*Description of the task*
Print the lines in the listing below starting at the line with "All the individual" and ending at the line with "ボーダー柄ハーフジップノースリーブニット", both included. Reproduce them exactly and omit every picture.

*Source material*
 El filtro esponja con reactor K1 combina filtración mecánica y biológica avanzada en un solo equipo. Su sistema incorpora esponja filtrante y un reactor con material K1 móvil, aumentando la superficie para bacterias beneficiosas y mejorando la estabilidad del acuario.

==

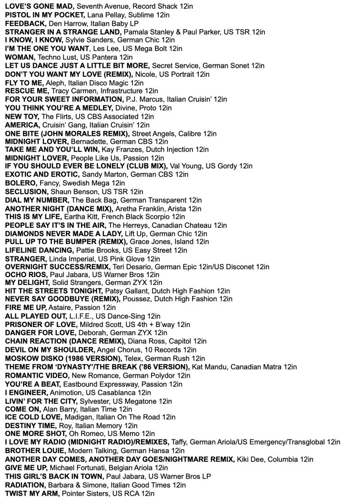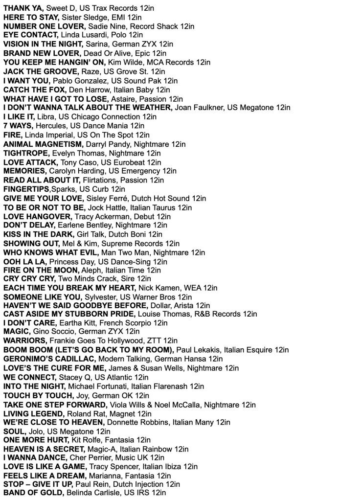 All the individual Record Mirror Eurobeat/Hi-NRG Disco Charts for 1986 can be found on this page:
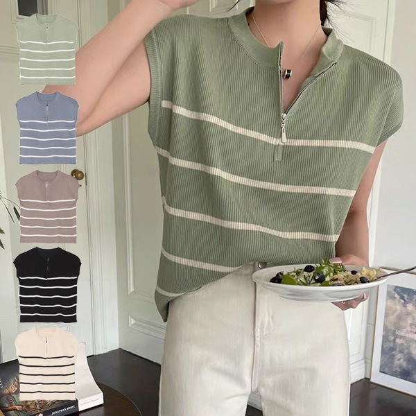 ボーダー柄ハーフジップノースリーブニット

*Output for this task*
 All the individual Record Mirror Eurobeat/Hi-NRG Disco Charts for 1986 can be found on this page:
 ボーダー柄ハーフジップノースリーブニット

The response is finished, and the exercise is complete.